Task objective.
Print everything in the records exactly. Leave the pictures out.

Given records.
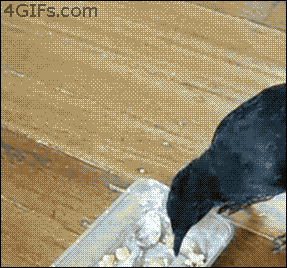 저 까마귀.... 정체가 뭘까요;; 고 넘;; 영리하네.
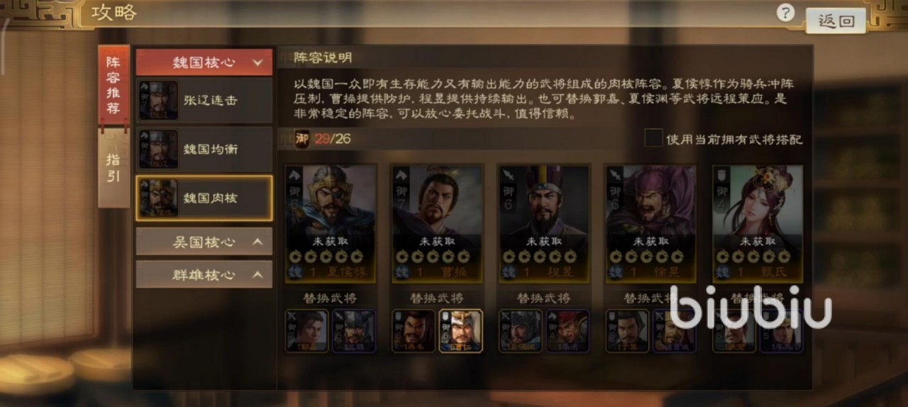 作为魏国首领,曹操代表了魏势力的特色,稳定均衡,能抗能打,所以旗下武将和曹操自己都是比较好搭配的,练度够了就能上,没有太多弯弯绕。
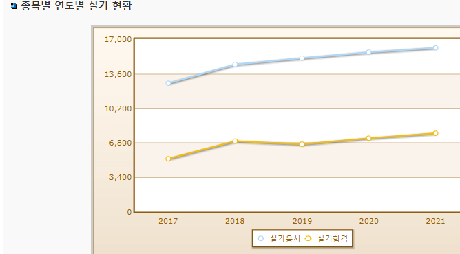 실기시험 합격률이며, 2021년 기준 실기시험 응시자 수는 16,135명으로 그 중 합격자는 7,731명입니다.
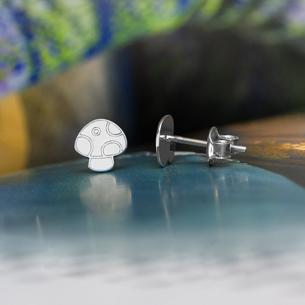 Piękne, klasyczne kolczyki srebrne, próby 925 w kształcie muchomorka.
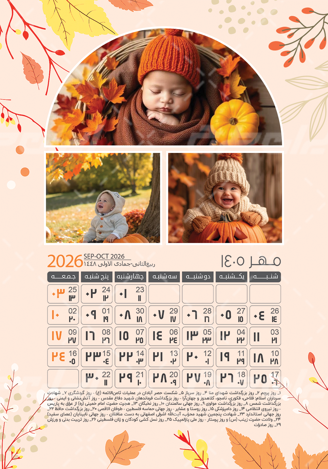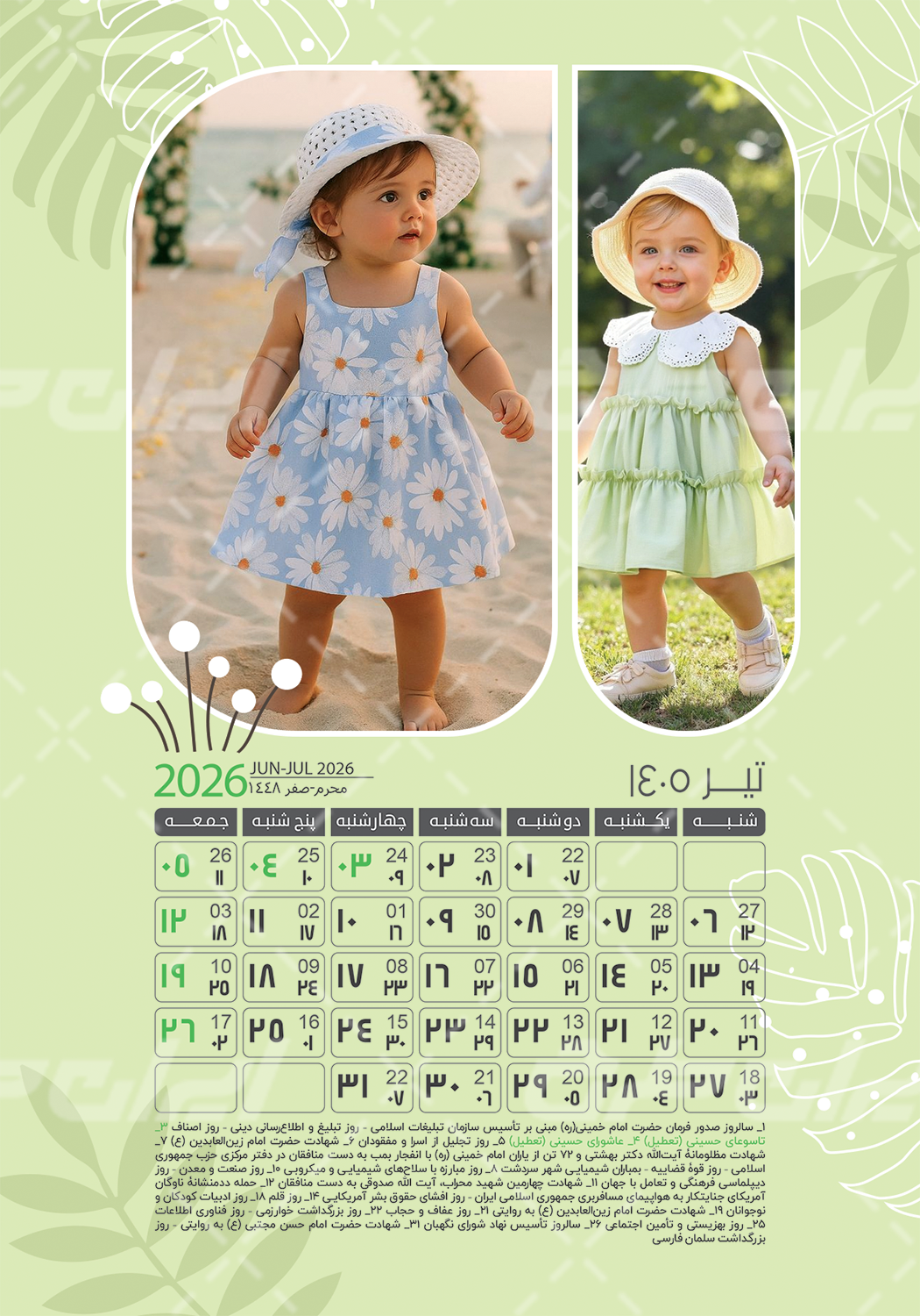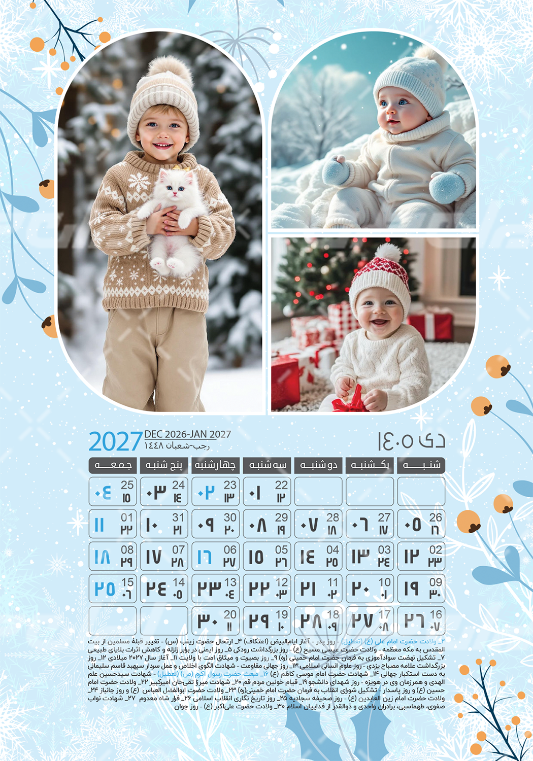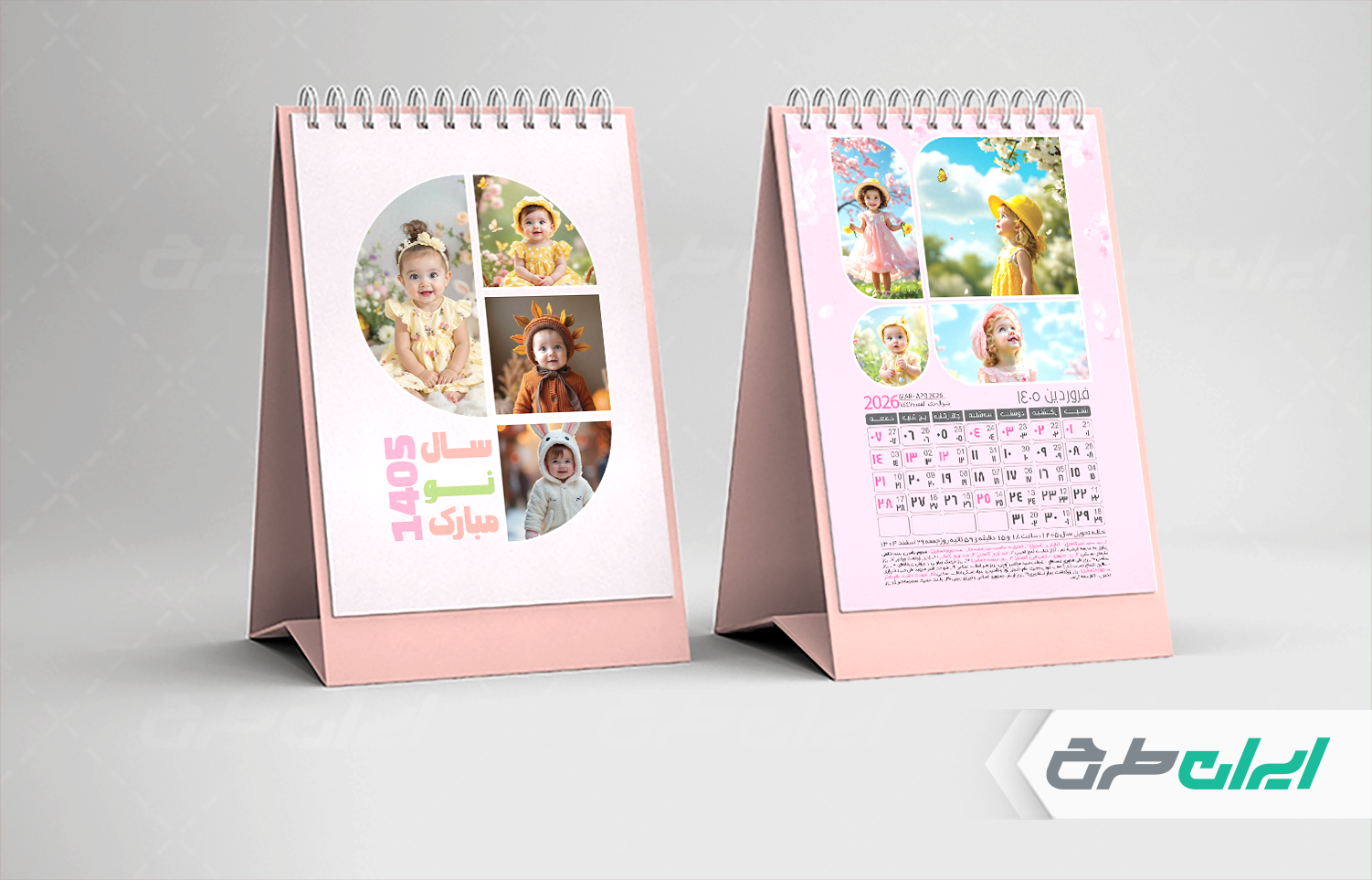 - استفاده مناسب از عکس با کیفیت کودک که مناسب طرح تقویم رو میزی 1405 می باشد.

Reply.
 저 까마귀.... 정체가 뭘까요;; 고 넘;; 영리하네.
 作为魏国首领,曹操代表了魏势力的特色,稳定均衡,能抗能打,所以旗下武将和曹操自己都是比较好搭配的,练度够了就能上,没有太多弯弯绕。
 실기시험 합격률이며, 2021년 기준 실기시험 응시자 수는 16,135명으로 그 중 합격자는 7,731명입니다.
 Piękne, klasyczne kolczyki srebrne, próby 925 w kształcie muchomorka.
 - استفاده مناسب از عکس با کیفیت کودک که مناسب طرح تقویم رو میزی 1405 می باشد.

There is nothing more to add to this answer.